# Collapsed trachea?



## glorybeecosta (Nov 11, 2014)

Bella has done this for about 4 years, Vet said it could be an enlarged heart. She does it when she gets up in the morning and plays and right when she goes to bed. She actually gags at the end.

However Cayenne started it a week after I got her, to the Vets, he said it was the dust in the air, so filters are changed every 2 weeks and she is find.


----------



## nifty (Aug 2, 2013)

Michelle, I see you are in Illinois. I was speaking to a busy dog walker yesterday and she told me that there has been an outbreak of kennel cough in our area (Chicagoloand). I wonder if it is possible that Atticus has picked up kennel cough?

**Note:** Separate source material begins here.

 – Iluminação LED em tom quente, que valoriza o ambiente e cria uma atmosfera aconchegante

Oh oops! I did not see the last part there where you said he is vaccinated for kennel cough. Sorry.


----------



## nifty (Aug 2, 2013)

Hmmm...reading a bit about the kennel cough - it sounds like it is caused by a range of factors and not all of them would be repelled by the vaccine (no vaccine is 100% effective as we know, though obviously helpful!).

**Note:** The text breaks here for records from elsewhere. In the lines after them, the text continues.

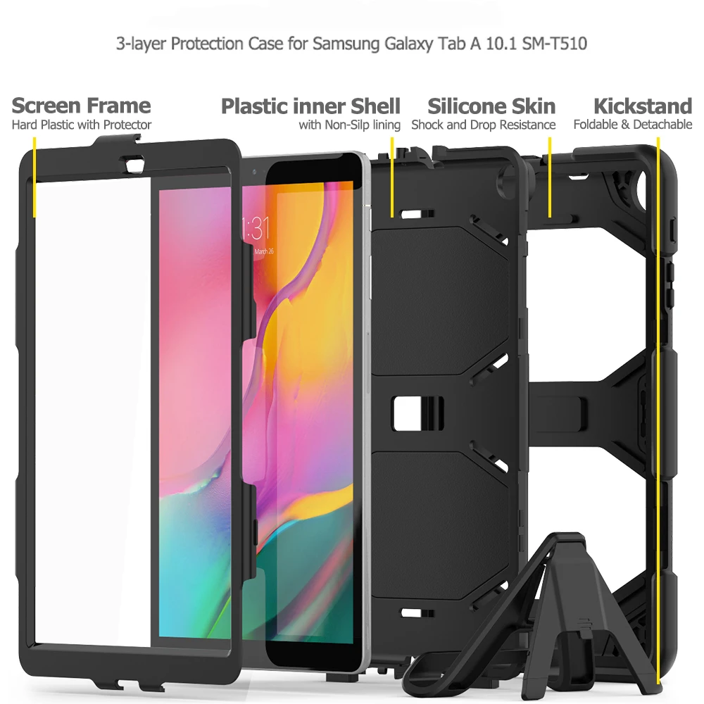 Противоударный силиконовый чехол для планшета samsung galaxy tab a 10,1 T510 T515 2019, чехлы со съемной подставкой, противоударный чехол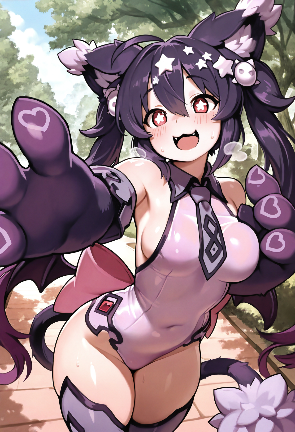 familiarmge, 怪物女孩, 动物手, 动物四肢, 手指较少, 超大手掌, 猫耳, 动物耳朵绒毛, 蝙蝠翅膀, 低垂翅膀, 深紫色翅膀, 毛尖尾巴, 紫色尾巴, 白色毛尖, 星形瞳孔, 符号形瞳孔, 心形瞳孔, 明亮瞳孔, 紫色手套, 渐变手套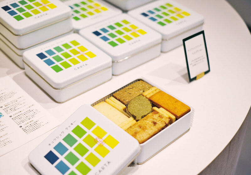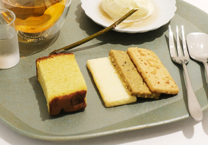 ほかにも自社栽培のザボンを使った長崎県「文旦堂」の「ざぼんカステラ」、お茶や柑橘、胡椒や醤油など九州産の素材を使った「CARTA」オリジナルの「キュウシュウクッキー」3種も楽しむことができます。お皿は佐賀県嬉野市で作られる肥前吉田焼の「224porcelain」の「Voronoi Plate」と、九州づくしの一皿です。

It really sounds to me like Atticus may have a strain of kennel cough and if so, he is likely to recover on his own within a couple of weeks. Especially because he is healthy and well-cared for. I would check with the vet tomorrow so you can find out if your concerns about his trachea need to be addressed or if, in fact, he has a case of kennel cough and will need some TLC and monitoring. 

I'm keeping my fingers crossed for you that you don't have to deal with a serious trachea issue!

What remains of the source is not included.